Overview

Bosutinib In Subjects With Renal Impairment

Status:
Completed
Trial end date:
2012-06-01
Target enrollment:
0
Participant gender:
All
Summary
This is a two-staged study of a single dose of 200 mg of bosutinib given to subjects with renal impairment and matching healthy volunteers. In Stage 1, only subjects with severe renal impairment and subjects with normal renal function will be enrolled.

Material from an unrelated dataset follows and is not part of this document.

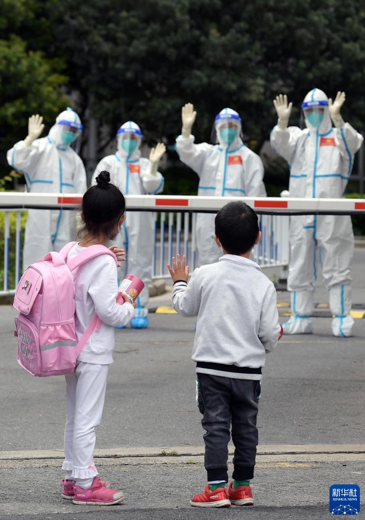 4月30日,走出医院准备回家时,小华(右)和姐姐回身向护送他们出院的医护人员挥手道别。当日,由上海交通大学医学院附属仁济医院南部院区(新冠定点医院)收治的3岁重症新冠患者小华(化名)出院。
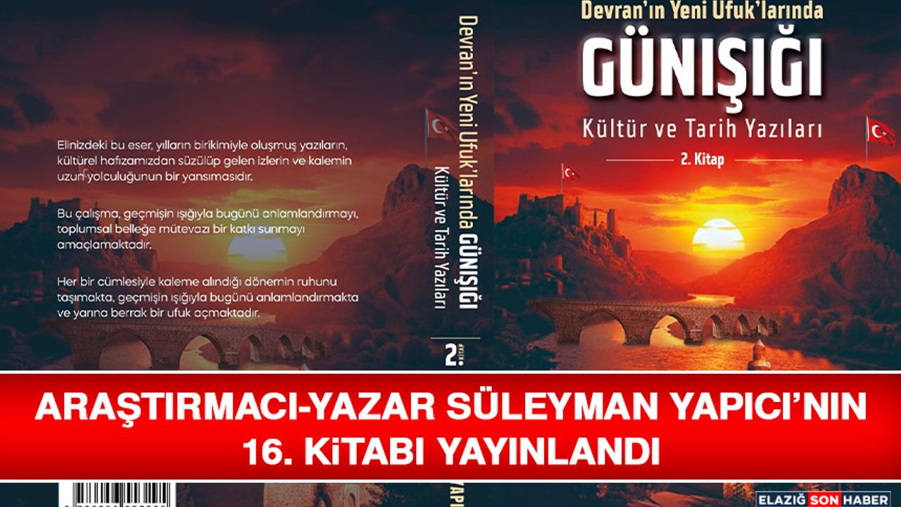 Elazığ’ın kültürel, tarihî ve sosyal hafızasına önemli katkılar sunan Araştırmacı-Yazar Süleyman Yapıcı, yazın hayatındaki 16. eserini okuyucularla buluşturdu. “Devran’ın Yeni Ufuk’larında Günışığı Kültür ve Tarih Yazıları” adlı çalışma, 3 cilt ve toplam 1104 sayfadan oluşuyor.

Subjects with mild and moderate renal impairment will be enrolled in Stage 2 if the results from Stage 1 suggest a substantial difference in PK profiles between subjects with severe renal impairment and subjects with normal renal function.
Phase:
Phase 1
Accepts Healthy Volunteers?
Accepts Healthy Volunteers
Details
Lead Sponsor:
Pfizer
Criteria
Inclusion Criteria:

- Males and females, aged 18 to 65.

- Adequate hepatic function.

- Documented creatinine clearance by Cockroft-Gault formula indicative of the respective
level of renal impairment: Severe renal impairment (CrCl <30 mL/min/1.73m2), moderate
renal impairment (30 ≤ CrCl ≤50 mL/min/1.73m2), mild renal impairment (50 < CrCl≤80
mL/min/1.73m2) and normal renal function (CrCl >80 mL/min/1.73m2).

Exclusion Criteria:

- Use of any investigational drug or biologic within 4 weeks prior to the screening
visit of during the screening period.

- Ongoing treatment with Digoxin or strong CYP3A4 inhibitors or inducers.

- Uncontrolled hypertension (for renally impaired subjects only).